*** Opening of Supplied records ***

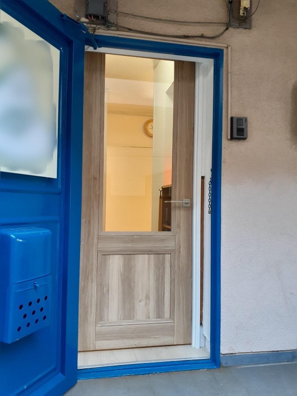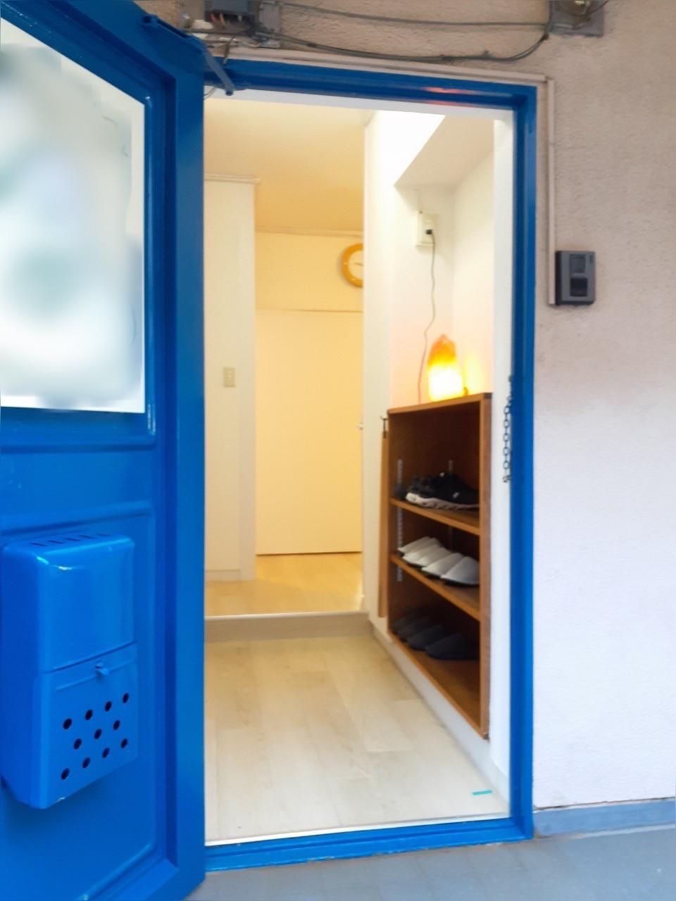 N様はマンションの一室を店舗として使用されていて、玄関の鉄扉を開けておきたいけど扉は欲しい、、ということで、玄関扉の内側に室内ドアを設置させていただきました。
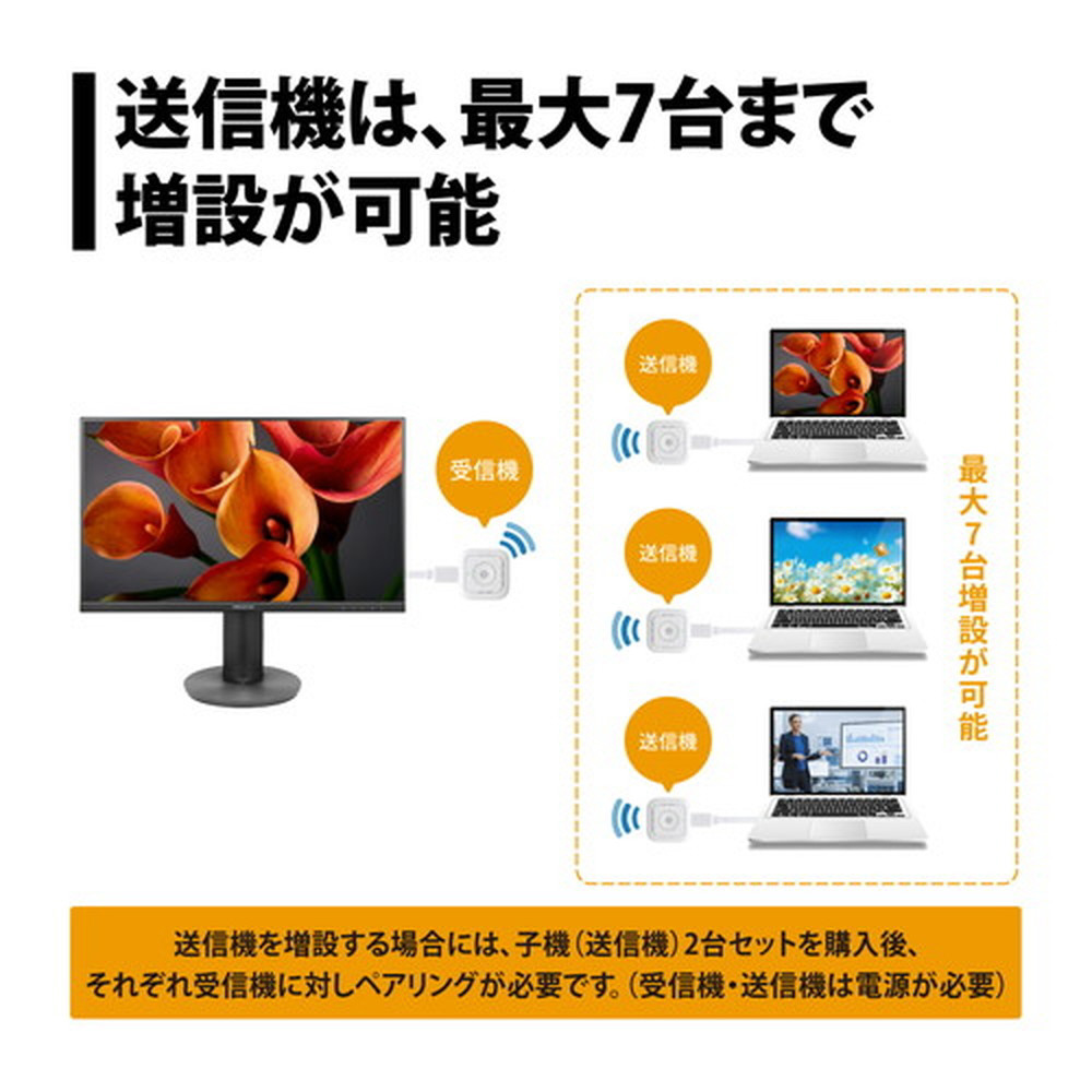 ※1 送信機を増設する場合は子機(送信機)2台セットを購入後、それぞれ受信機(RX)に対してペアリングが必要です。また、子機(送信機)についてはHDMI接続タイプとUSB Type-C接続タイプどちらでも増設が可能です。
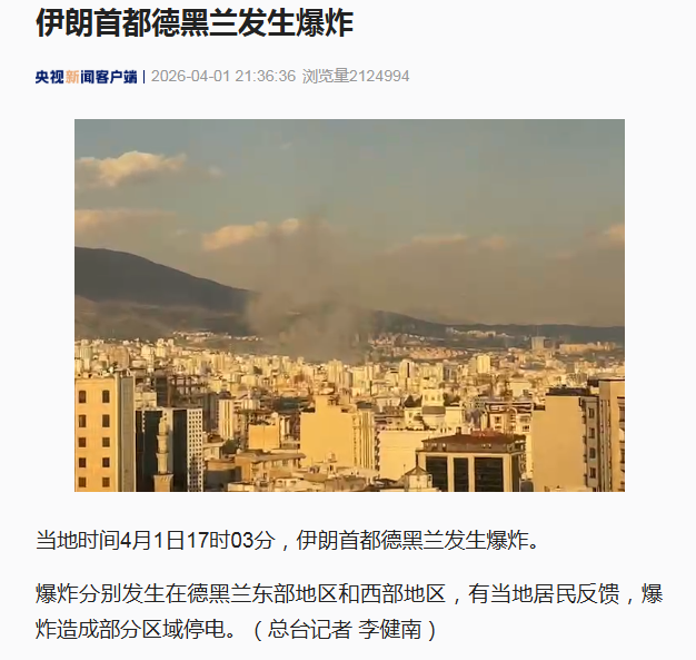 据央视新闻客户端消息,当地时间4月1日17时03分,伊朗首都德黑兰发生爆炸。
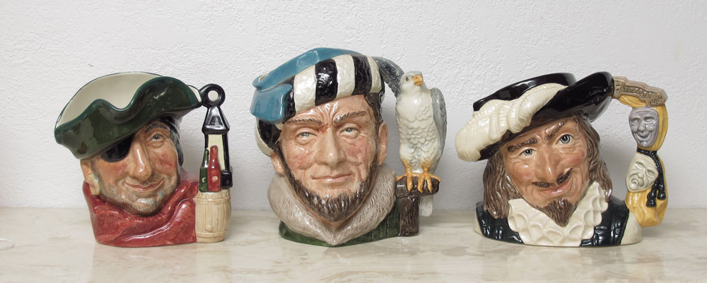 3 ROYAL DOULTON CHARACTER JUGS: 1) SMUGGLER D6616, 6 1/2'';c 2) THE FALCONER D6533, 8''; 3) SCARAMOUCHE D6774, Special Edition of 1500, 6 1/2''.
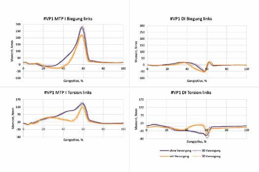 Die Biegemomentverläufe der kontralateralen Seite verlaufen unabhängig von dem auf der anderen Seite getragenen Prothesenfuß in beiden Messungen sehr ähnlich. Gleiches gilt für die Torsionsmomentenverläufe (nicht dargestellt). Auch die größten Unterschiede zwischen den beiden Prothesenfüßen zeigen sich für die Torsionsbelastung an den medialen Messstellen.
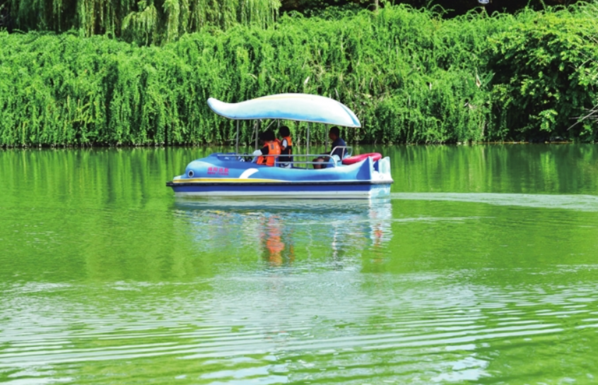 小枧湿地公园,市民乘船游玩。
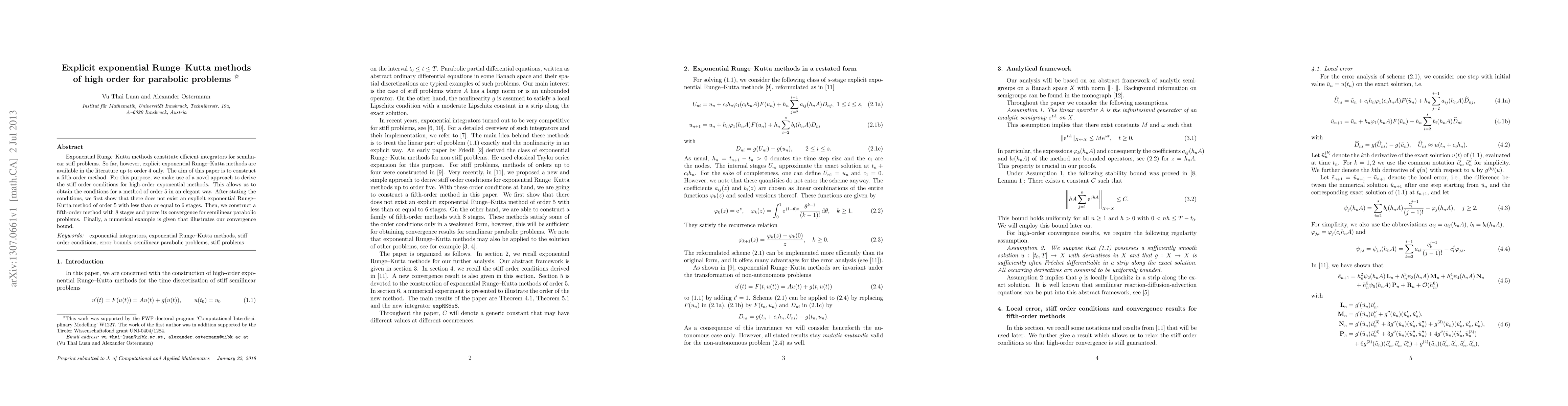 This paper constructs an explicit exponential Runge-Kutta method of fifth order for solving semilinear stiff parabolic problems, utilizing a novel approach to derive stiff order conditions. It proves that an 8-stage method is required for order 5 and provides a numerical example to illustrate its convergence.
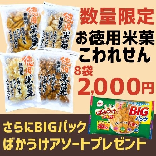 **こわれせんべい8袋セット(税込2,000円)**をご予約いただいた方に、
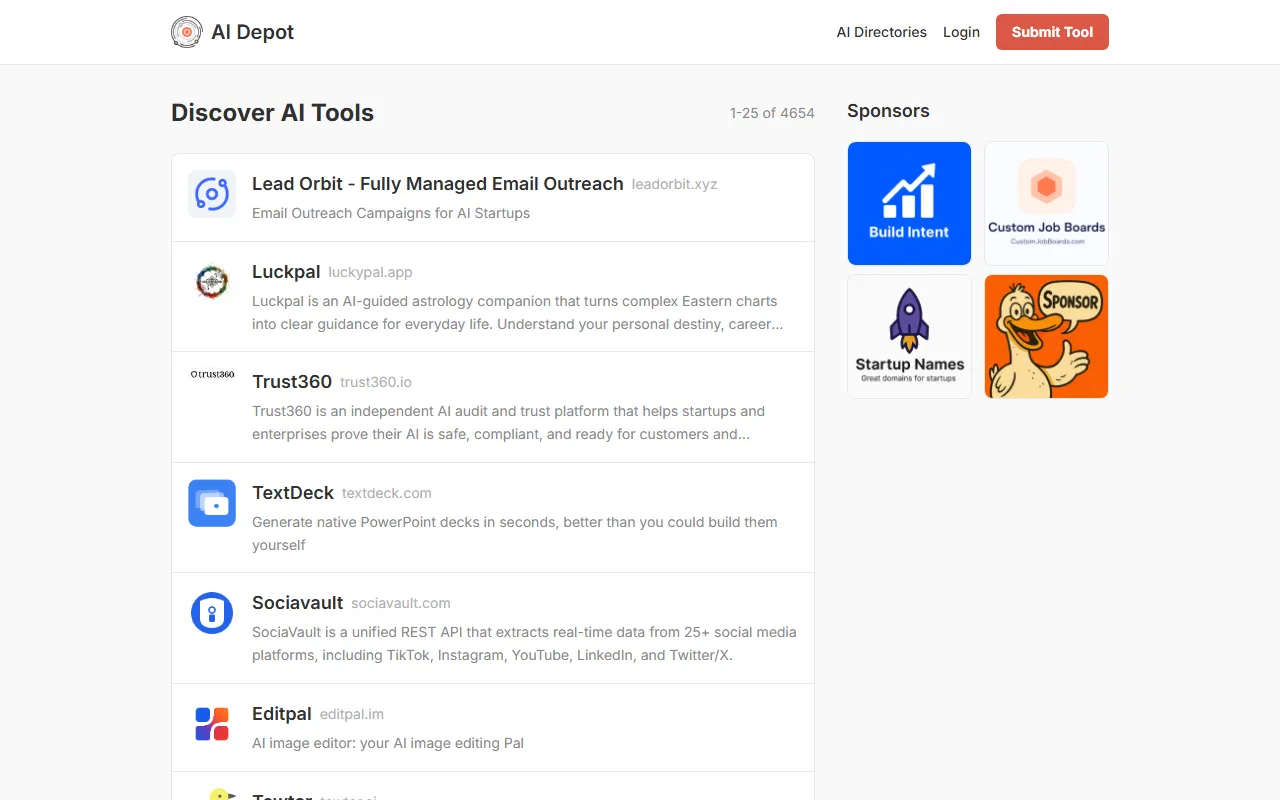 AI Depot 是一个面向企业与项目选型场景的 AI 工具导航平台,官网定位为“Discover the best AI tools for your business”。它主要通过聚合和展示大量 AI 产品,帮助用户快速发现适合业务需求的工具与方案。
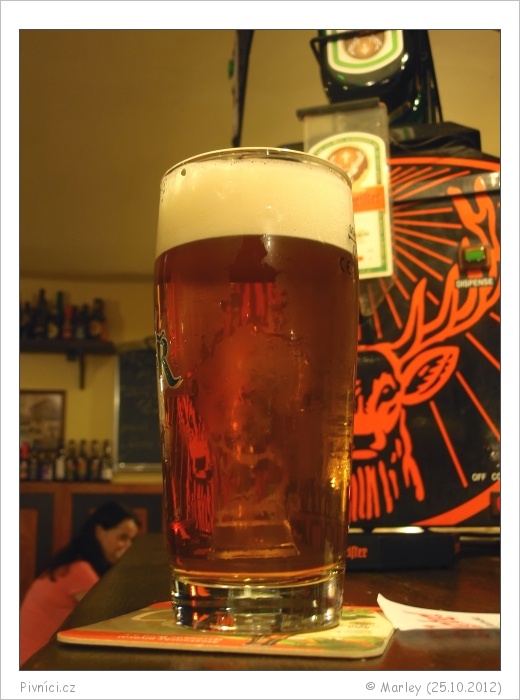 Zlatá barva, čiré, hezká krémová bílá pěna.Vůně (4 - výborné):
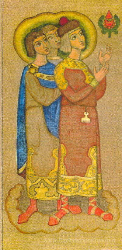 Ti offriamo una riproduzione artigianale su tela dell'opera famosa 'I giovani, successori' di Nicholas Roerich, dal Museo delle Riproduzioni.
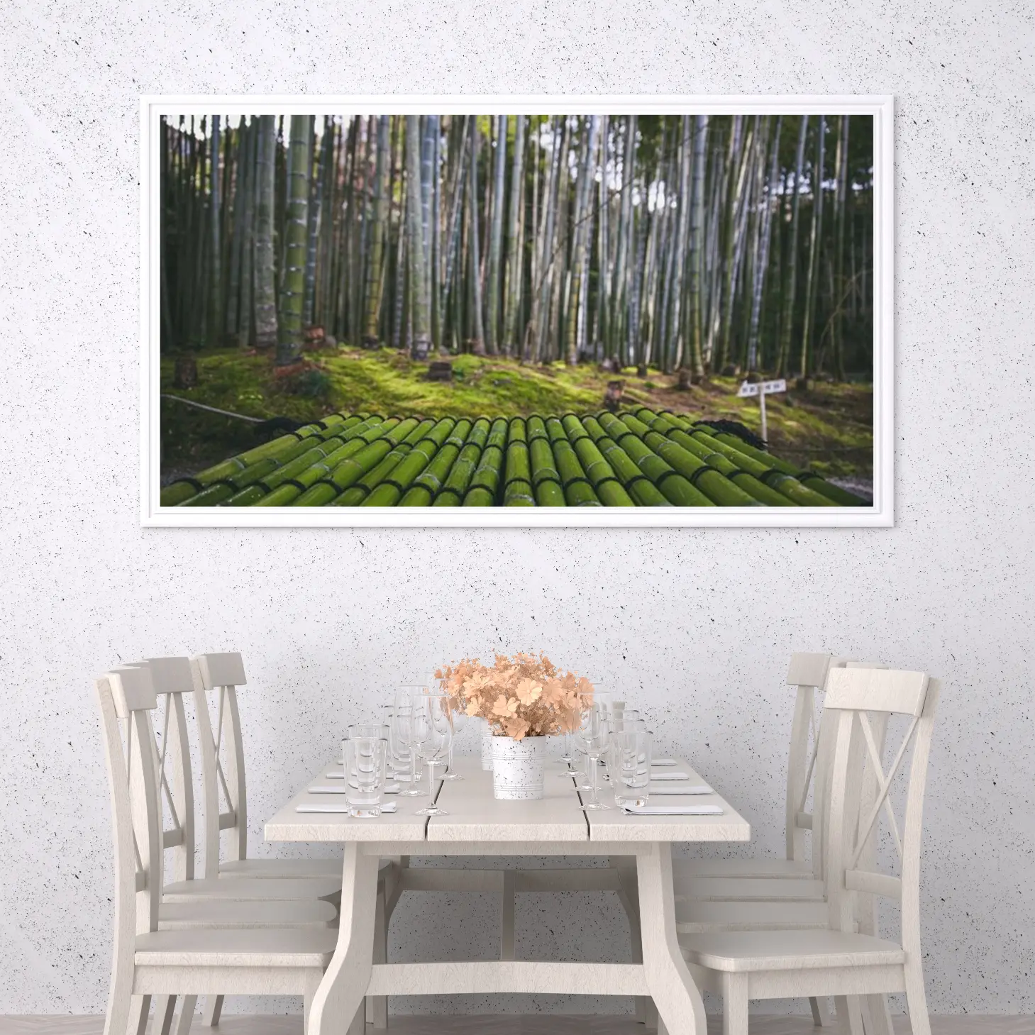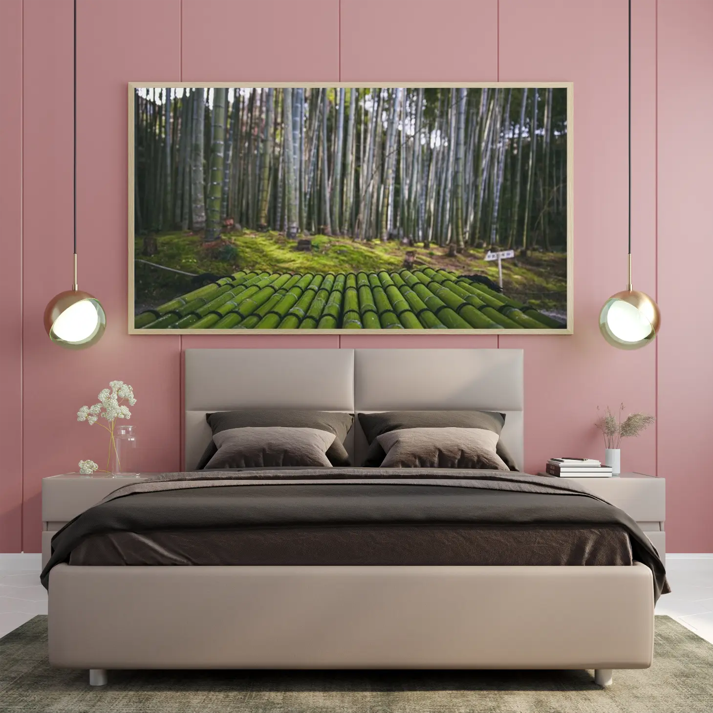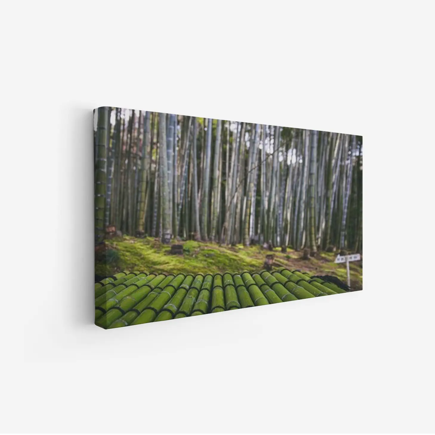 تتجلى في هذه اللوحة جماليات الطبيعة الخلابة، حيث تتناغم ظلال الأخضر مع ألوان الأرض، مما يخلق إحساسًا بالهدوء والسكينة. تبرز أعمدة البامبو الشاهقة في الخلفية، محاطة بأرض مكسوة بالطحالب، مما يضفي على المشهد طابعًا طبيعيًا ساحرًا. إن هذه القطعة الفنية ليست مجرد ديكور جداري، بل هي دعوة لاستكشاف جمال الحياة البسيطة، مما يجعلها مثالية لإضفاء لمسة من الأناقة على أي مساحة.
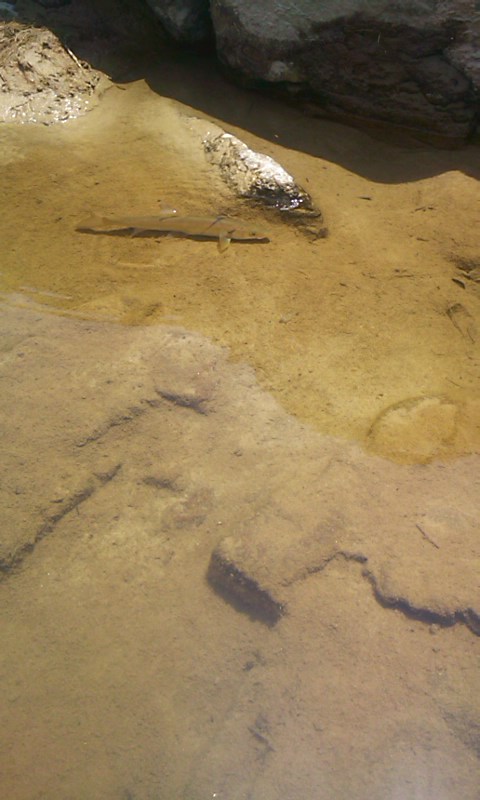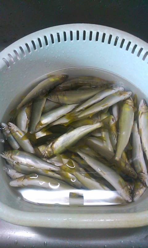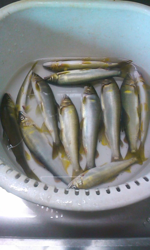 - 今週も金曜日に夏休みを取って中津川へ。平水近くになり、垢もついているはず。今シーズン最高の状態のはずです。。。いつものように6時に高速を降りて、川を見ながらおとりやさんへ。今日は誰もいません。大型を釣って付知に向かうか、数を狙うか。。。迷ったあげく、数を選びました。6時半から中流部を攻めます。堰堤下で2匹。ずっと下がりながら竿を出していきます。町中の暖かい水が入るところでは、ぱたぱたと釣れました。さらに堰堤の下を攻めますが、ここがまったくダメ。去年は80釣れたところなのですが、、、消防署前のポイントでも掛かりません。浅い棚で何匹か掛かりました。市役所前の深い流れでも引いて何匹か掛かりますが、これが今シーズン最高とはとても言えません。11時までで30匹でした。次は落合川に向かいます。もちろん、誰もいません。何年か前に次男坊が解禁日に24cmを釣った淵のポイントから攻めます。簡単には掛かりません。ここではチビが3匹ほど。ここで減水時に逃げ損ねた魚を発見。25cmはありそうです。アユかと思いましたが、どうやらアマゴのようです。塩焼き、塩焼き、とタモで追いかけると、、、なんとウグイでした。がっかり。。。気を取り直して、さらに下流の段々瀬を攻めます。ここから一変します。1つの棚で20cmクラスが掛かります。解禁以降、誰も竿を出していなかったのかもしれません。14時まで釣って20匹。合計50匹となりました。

*** Close of Supplied records ***

Work required -> In your transcription of the listing above, match each line exactly and include no pictures.

Answer space ->
 N様はマンションの一室を店舗として使用されていて、玄関の鉄扉を開けておきたいけど扉は欲しい、、ということで、玄関扉の内側に室内ドアを設置させていただきました。
 ※1 送信機を増設する場合は子機(送信機)2台セットを購入後、それぞれ受信機(RX)に対してペアリングが必要です。また、子機(送信機)についてはHDMI接続タイプとUSB Type-C接続タイプどちらでも増設が可能です。
 据央视新闻客户端消息,当地时间4月1日17时03分,伊朗首都德黑兰发生爆炸。
 3 ROYAL DOULTON CHARACTER JUGS: 1) SMUGGLER D6616, 6 1/2'';c 2) THE FALCONER D6533, 8''; 3) SCARAMOUCHE D6774, Special Edition of 1500, 6 1/2''.
 Die Biegemomentverläufe der kontralateralen Seite verlaufen unabhängig von dem auf der anderen Seite getragenen Prothesenfuß in beiden Messungen sehr ähnlich. Gleiches gilt für die Torsionsmomentenverläufe (nicht dargestellt). Auch die größten Unterschiede zwischen den beiden Prothesenfüßen zeigen sich für die Torsionsbelastung an den medialen Messstellen.
 小枧湿地公园,市民乘船游玩。
 This paper constructs an explicit exponential Runge-Kutta method of fifth order for solving semilinear stiff parabolic problems, utilizing a novel approach to derive stiff order conditions. It proves that an 8-stage method is required for order 5 and provides a numerical example to illustrate its convergence.
 **こわれせんべい8袋セット(税込2,000円)**をご予約いただいた方に、
 AI Depot 是一个面向企业与项目选型场景的 AI 工具导航平台,官网定位为“Discover the best AI tools for your business”。它主要通过聚合和展示大量 AI 产品,帮助用户快速发现适合业务需求的工具与方案。
 Zlatá barva, čiré, hezká krémová bílá pěna.Vůně (4 - výborné):
 Ti offriamo una riproduzione artigianale su tela dell'opera famosa 'I giovani, successori' di Nicholas Roerich, dal Museo delle Riproduzioni.
 تتجلى في هذه اللوحة جماليات الطبيعة الخلابة، حيث تتناغم ظلال الأخضر مع ألوان الأرض، مما يخلق إحساسًا بالهدوء والسكينة. تبرز أعمدة البامبو الشاهقة في الخلفية، محاطة بأرض مكسوة بالطحالب، مما يضفي على المشهد طابعًا طبيعيًا ساحرًا. إن هذه القطعة الفنية ليست مجرد ديكور جداري، بل هي دعوة لاستكشاف جمال الحياة البسيطة، مما يجعلها مثالية لإضفاء لمسة من الأناقة على أي مساحة.
 - 今週も金曜日に夏休みを取って中津川へ。平水近くになり、垢もついているはず。今シーズン最高の状態のはずです。。。いつものように6時に高速を降りて、川を見ながらおとりやさんへ。今日は誰もいません。大型を釣って付知に向かうか、数を狙うか。。。迷ったあげく、数を選びました。6時半から中流部を攻めます。堰堤下で2匹。ずっと下がりながら竿を出していきます。町中の暖かい水が入るところでは、ぱたぱたと釣れました。さらに堰堤の下を攻めますが、ここがまったくダメ。去年は80釣れたところなのですが、、、消防署前のポイントでも掛かりません。浅い棚で何匹か掛かりました。市役所前の深い流れでも引いて何匹か掛かりますが、これが今シーズン最高とはとても言えません。11時までで30匹でした。次は落合川に向かいます。もちろん、誰もいません。何年か前に次男坊が解禁日に24cmを釣った淵のポイントから攻めます。簡単には掛かりません。ここではチビが3匹ほど。ここで減水時に逃げ損ねた魚を発見。25cmはありそうです。アユかと思いましたが、どうやらアマゴのようです。塩焼き、塩焼き、とタモで追いかけると、、、なんとウグイでした。がっかり。。。気を取り直して、さらに下流の段々瀬を攻めます。ここから一変します。1つの棚で20cmクラスが掛かります。解禁以降、誰も竿を出していなかったのかもしれません。14時まで釣って20匹。合計50匹となりました。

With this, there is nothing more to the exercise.